Parsing decimal numbers — part 1: SWAR

Author:	Wojciech Muła
Added on:	2014-10-12

Contents

Introduction
SWAR
Sample code
See also

Introduction

Naive parsing of unsigned decimal numbers can be coded as:

uint32_t parse(char* s) {

    uint32_t result = 0;

    while (*s) {
        const uint8_t digit = *s++;

        result = result * 10 + (digit - '0');
    }

    return result;
}

The procedure parse does not check validity of a string nor check for overflow — these problems won't be discussed in this text.

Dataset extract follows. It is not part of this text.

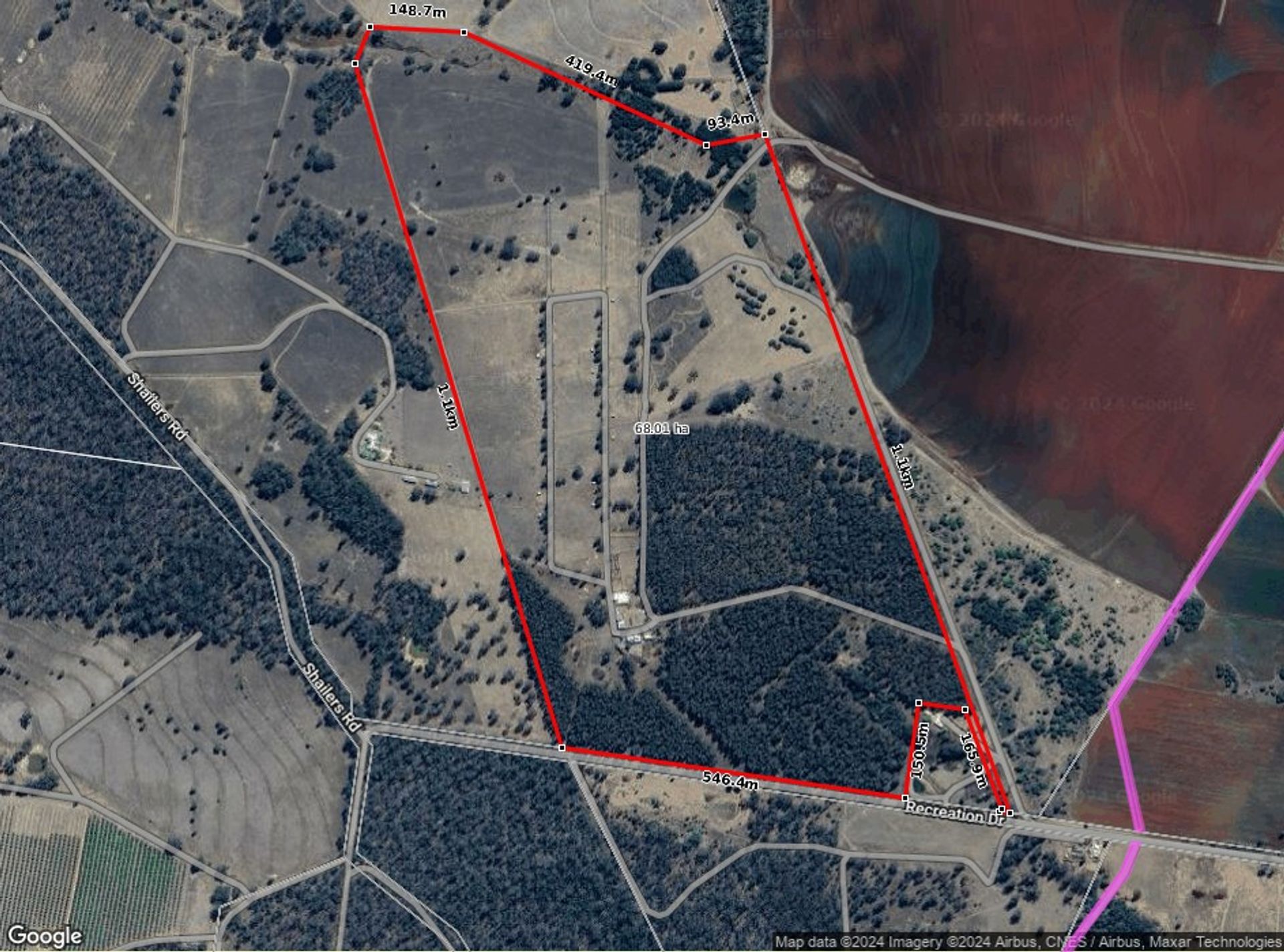 The property comprises of 68.01 Hectares (168.05 acres) and is located in a prime farming area in the South Burnett. Entry is via a long driveway bordered on both sides by spotted gum forest plantation. The land is elevated with rural views on every side, and slopes gently from the houses and outbuildings to a seasonal creek on the back boundary. There is easy access to all areas of the property.

Processing single letter require just 3 operations:

subtract,
addition,
multiplication by 10.

On x86 multiplication by 10 is cheap; multiplication x * 10 is equivalent to x << 3 + x << 1. Shift by 8 is coded with LEA (it's executed by addressing unit, not ALU), and shift by 1 is simple addition or another LEA.

SWAR

In SWAR version we'll process 4 letters at once. For shorter strings naive fallback have to be used or proper mask applied on dword.

The common phase of all SWAR versions is converting ASCII to digit values, this is simple subtraction.

input — 4 ASCII letters:

x  = packed_byte(| '1' | '2' | '7' | '0' |)

subtract vector of '0':

x' = packed_byte(| '1' | '2' | '7' | '0' |)
   - packed_byte(| '0' | '0' | '0' | '0' |)
   = packed_byte(|  1  |  2  |  7  |  0  |)

Improvement 1

Suppose we have just two digits x and y stored in separate bytes:

w  = packed_byte(|  0  |  0  |  x  |  y  |)

Value of w is 256*x + y, but we want to get 10*y + x. By multiplication w by 2561 we get this value in the higher byte. Magic? No, 2561 = 256 * 10 + 1, and:

1 — keeps x on the original position;
2560 — moves y multiplied by 10 on the second byte;
adds them together.

Proof: (256 ⋅ x + y) ⋅ (1 + 10256) = (256 ⋅ x + y) + (655360 ⋅ x + 256 ⋅ 10 ⋅ y). Now reject components less than 256 and greater than 65535: (x ⋅ 256) + (y ⋅ 2560) = 256 ⋅ (10 ⋅ y + x).

Full expression:

v = ((w * 2561) >> 8) & 0xff

The same trick could be used to join 2-digit values ab & cd stored on 1st and 3rd byte:

Z  = packed_byte(|   0  |  ab  |   0  |  cd  |)

The "magic" multiplier is 6553601, result is 100*cd + ab saved in the higher word.

Algorithm

input — 4 digits:

t1  = packed_byte(|      d       |      c       |      b       |      a       |)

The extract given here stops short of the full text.